REQUIRED ACTION:
The data below contains pictures, which are to be skipped; the lines starting at the line with "機能性素材のNEWスタンダード「ポリジンドライ」のロングスリーブTシャツ。" and ending at the line with "点评结束后,王美琳、苗壮、谈" are to be output exactly, both ends included.

DATA LISTING:

┌──

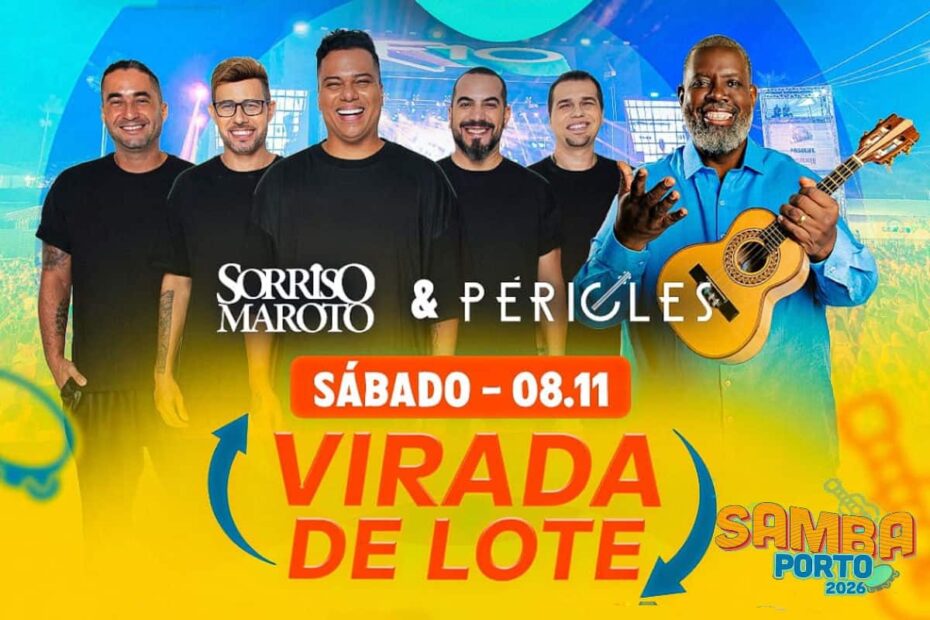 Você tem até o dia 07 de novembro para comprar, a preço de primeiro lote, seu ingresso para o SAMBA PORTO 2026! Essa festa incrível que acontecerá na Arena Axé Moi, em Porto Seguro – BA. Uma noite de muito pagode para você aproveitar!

└──
┌──

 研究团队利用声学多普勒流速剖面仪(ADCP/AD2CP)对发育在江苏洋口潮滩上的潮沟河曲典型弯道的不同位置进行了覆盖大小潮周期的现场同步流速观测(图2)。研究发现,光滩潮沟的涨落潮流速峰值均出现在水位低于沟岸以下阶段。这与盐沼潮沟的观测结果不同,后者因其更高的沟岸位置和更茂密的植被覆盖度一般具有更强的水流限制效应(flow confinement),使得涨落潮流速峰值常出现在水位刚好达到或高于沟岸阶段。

└──
┌──

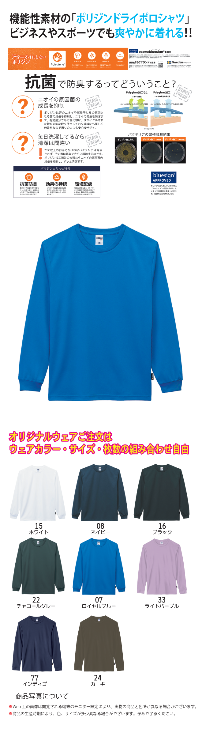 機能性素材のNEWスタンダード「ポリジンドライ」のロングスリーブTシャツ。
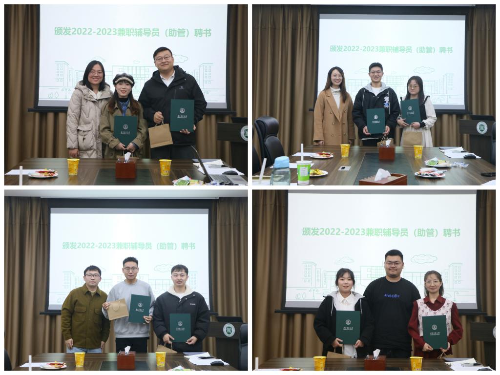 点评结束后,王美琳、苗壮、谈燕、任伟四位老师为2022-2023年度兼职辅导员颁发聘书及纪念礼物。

└──

ANSWER BELOW:
 機能性素材のNEWスタンダード「ポリジンドライ」のロングスリーブTシャツ。
 点评结束后,王美琳、苗壮、谈燕、任伟四位老师为2022-2023年度兼职辅导员颁发聘书及纪念礼物。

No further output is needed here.